As discussed, Layer 2 solutions rely on secondary networks that work in parallel or independent of the main chain.
Zero-knowledge rollups (the most common kind) bundle off-chain Layer 2 transactions and submit them as one transaction on the main chain. These systems use validity proofs to check the integrity of transactions. Assets are held on the original chain with a bridging smart contract, and the smart contract confirms the rollup is functioning as intended. This provides the security of the original network with the benefits of a less resource-intensive rollup.
Sidechains are independent blockchain networks with their own sets of validators. This means the bridging smart contract on the main chain doesn’t verify the validity of the sidechain network. Therefore, you need to trust the sidechain is operating correctly as it’s able to control assets on the original chain.
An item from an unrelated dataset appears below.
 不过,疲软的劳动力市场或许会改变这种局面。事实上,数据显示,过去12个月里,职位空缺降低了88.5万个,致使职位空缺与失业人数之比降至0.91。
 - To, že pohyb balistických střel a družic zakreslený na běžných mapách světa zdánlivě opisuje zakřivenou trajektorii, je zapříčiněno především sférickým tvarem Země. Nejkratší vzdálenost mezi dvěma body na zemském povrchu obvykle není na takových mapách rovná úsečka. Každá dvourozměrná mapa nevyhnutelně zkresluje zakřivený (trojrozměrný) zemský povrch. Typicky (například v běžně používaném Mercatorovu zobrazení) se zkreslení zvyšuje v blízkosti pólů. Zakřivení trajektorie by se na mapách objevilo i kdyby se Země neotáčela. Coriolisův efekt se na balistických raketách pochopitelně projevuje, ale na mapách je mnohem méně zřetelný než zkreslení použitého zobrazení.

A state channel is a two-way communication environment between the transacting parties. The parties seal off a part of the underlying blockchain and connect it to an off-chain transaction channel. This is usually done via a pre-agreed smart contract or a multi-signature. The parties then execute a transaction or a batch of transactions off-chain, without immediately submitting transaction data to the underlying distributed ledger (i.e., the main chain). Once all transactions in the set are complete, the final “state” of the channel is broadcasted to the blockchain for validation. This mechanism allows to improve transaction speed and increases the overall capacity of the network. Solutions like the Bitcoin Lightning Network and Ethereum's Raiden operate based on state channels.
This solution relies on a set of secondary chains that sit on top of the main, “parent” blockchain. Nested blockchains operate according to the rules and parameters set by the parent chain. The main chain doesn’t participate in executing transactions and its role is limited to dispute resolution when necessary. The day-to-day work is delegated to “child” chains that return the processed transactions to the main chain upon completion off the main chain. OmiseGO’s Plasma project is an instance of a Layer 2 nested blockchain solution.
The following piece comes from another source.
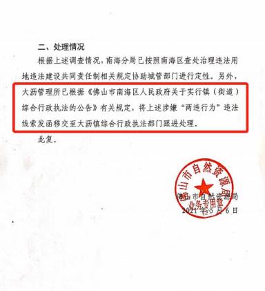 为什么专项整治下 佛山大沥的违建越查越建 近日,佛山市纪委监委出台《关于持续深化基层执法领域侵害企 业和群众利益突出问题专项整治的工作意见》,决定在更大范围、更 宽领域、更深层次上持续深化基层执法领域侵害企业和群众利益突出 问题专项整治,整治领域包括城市管理等与企业和群众利益息息相关、与营商环境高度关联的基层重点执法领域。 整治重点锁定基层重点执法领域充当不法分子“保护伞”等以权 谋私问题;选择性执法等滥用职权问题;对群众合理诉求推诿扯皮、冷硬横推,执行上级决策部署不力,有法不依、执法不公、执法不严、违法不究等失职失责问题。 根据佛山市党风廉政建设暨廉洁佛山建设领导小组办公室近日 印发的《关于开展佛山市党政机关作风突出问题专项整治的工作方案》 (以下简称《方案》),佛山正重点聚焦各级党政机关党员干部和工 作人员存在的“庸、懒、散、拖、乱”等突出问题,在全市开展党政 机关作风突出问题专项整治。 此次专项整治范围为全市党的机关、人大机关、行政机关、政协机关、监察机关、审判机关、检察机关,以及人民团体和参照公务员 法管理的事业单位的党员干部和工作人员。今年7月至9月为专项整 治阶段,之后转为常态化整治。 佛山大力专项整治阶段,佛山南海大沥镇在村改攻坚方面,突出狠抓落实村级工业园的拆除工作。 据 2021年8 月16 日的《今日头条》《大沥发布》介绍,大沥镇目前已累计整理拆除村级工业园 1.5348 万亩。2021 年上半年,大沥紧盯 5100 亩的全年村改目标,已完成拆除改造 2636 亩,完成率超50%。 下半年,大沥将继续推进2464亩村改任务,确保今年完成5100亩、2023 年前完成11400亩拆除改造任务,为发展腾出空间,加快城乡融合、村改攻坚的步伐,助力大沥乃至南海高质量发展。 大沥倒排“时间表”,啃下“硬骨头”。实施挂图作战,9 月底 前完成太平社区 350 亩的工改工土地整理协议签署,今年底完成奇槎 奇西项目、桂澜路北延线项目、盐步水闸区域、大沙区域以及沿江片区等合计 1500 亩的拆除改造。 用足“好政策”,推动“连片改”。充分利用“毛地入市”政策,加快村级工业园、专业市场改造。其中,沥北湖马工业园 164亩项目争取本月底完成竞标;推进大转湾片区581亩专业市场升级改造,夹 板城龙船洛地块、盐步家具城计划9月完成挂网。 拿出“硬手段”,形成“大合力”。持续加强综合执法整治力度,利用全链条约束工作机制,提高执法效能,加快产业空间重构和生态空间腾退,为安全产业、泛家居、新材料、智能制造、时尚设计、现代商贸提供发展空间。 在当前,佛山大力整治执法力度的同时,为什么佛山市南海区大沥镇溪一股份经济合作社范围内的三处违建 “诚丰美食” “OYO 穗 都酒店” “帆柯工业大楼”越查越建?群众多次向佛山市南海区城市管理和综合执法局、佛山市南海区大沥镇查处治理违法用地违法建设共同责任制领导小组办公室、佛山市南海区大沥镇综合行政执法办 公室、向佛山市纪委实名投诉举报,佛山群众 6 次向佛山市 12345 实 名投诉,该违建在边查边建中公开使用违建营业了,至今没有拆除。 佛山市南海区城市管理和综合执法局(南城管信〔2021〕28 号) 《佛山市南海区城市管理和综合执法局关于陆啟斌等人信访事项的答复意见书》答复:“上述两处涉嫌违建物的处理不属我局职能范围,我局已将上述线索发函至相关部门跟进处理。” 而佛山市自然资源局也就此问题书面回函答复:“未办理相关规 划审批手续,涉嫌存在违法建设行为。” 对群众举报的佛山南海大沥溪一的三处违建拆除职责,佛山市南海区城市管理和综合执法局书面答复不属于我局的职责,佛山市自然资源局答复已将两违行为移交至大沥镇综合执法部门处理,两个执法部门相互推卸责任,至今没有拆除三处违建。 佛山南海大沥三处违建情况 1.南海区大沥镇盐步联河路(穗盐路以上北 500 米处右边)“诚丰美食”占用公共用地 3000 平方米的违法建设(2021 年3 月2日拍摄) 2.佛山南海大沥镇盐步河西社区新德村(村前桥头北侧)的“帆柯工业大楼”工厂总建筑面积为 3473.18 平方米的违法建设(2020 年11月16日勘察) 佛山市南海区城市管理和综合执法局于 2020 年 3 月 26 对上述违 建进行了现场勘查,并对当事人梁锡流做了笔录,执法人员现场拍摄 的照片显示违建尚未封顶,正在建设之中,但实际执法的情况越查越 建,不仅当事人公开进行建设,而且在执法人员的“执法”中建成使用,利用违建对外公开营业,至今没有拆除,像这样的违建情况在佛 山大沥普遍存在。相反,在紧邻上述违建被佛山大沥列入土地整理范围内的其他厂房建筑,佛山市南海区城市管理和综合执法局却以迅雷不及掩耳的速 度进行强制性拆除,有选择性执法的现象。 当前,中央正在开展违法建设专项清查工作,在违法建设专项治理工作五年行动方案的背景前提下,要求对新增违法建设实行零容忍,发现一起,查处一起,建立健全违法建设快速拆除机 制,对发现的新增违法建设要立即予以制止,坚决刹风止乱。 希望佛山南海大沥城管执法部门会对辖区的违建有一个公正的处理结果,以便营造佛山市人民群众的良好生活环境。 |

Limitations of Layer 1 and Layer 2 scaling solutions
Both Layer 1 and Layer 2 solutions have unique advantages and disadvantages. Working with Layer 1 can provide the most effective solution for large-scale protocol improvements. However, this also means that validators must be convinced to accept changes through a hard fork.
One possible example where validators may not want to do this is changing from Proof of Work to Proof of Stake. Miners will lose income by this switch to a more efficient system, disincentivizing them from improving scalability.
Layer 2 provides a much quicker way to improve scalability. However, depending on the method used, you can lose a lot of the security of the original blockchain. Users trust networks like Ethereum and Bitcoin for their resilience and track record of security. By taking aspects off the Layer 1, you often have to rely on the Layer 2 team and network for efficiency and security.
What’s next after Layer 1 and Layer 2?
One key question is whether we will even need Layer 2 solutions as Layer 1s become more scalable. Existing blockchains see improvements, and new networks are created with good scalability already. However, it will take a long time for major systems to improve their scalability, and it’s not guaranteed. The most likely option is for Layer 1s to focus on security, and allow Layer 2 networks to tailor their services to specific use cases.
In the near future, there’s a good chance large chains like Ethereum will still dominate due to their large user and developer community. However, its large, decentralized validator set and trusted reputation creates a solid base for targeted Layer 2 solutions.
Since crypto began, the hunt for improved scalability has created a two-pronged approach with Layer 1 improvements and Layer 2 solutions. If you’ve got a diverse crypto portfolio, there’s a good chance you already have exposure to both Layer 1 and Layer 2 networks. Now, you understand the differences between the two as well as the different approaches to scaling that they offer.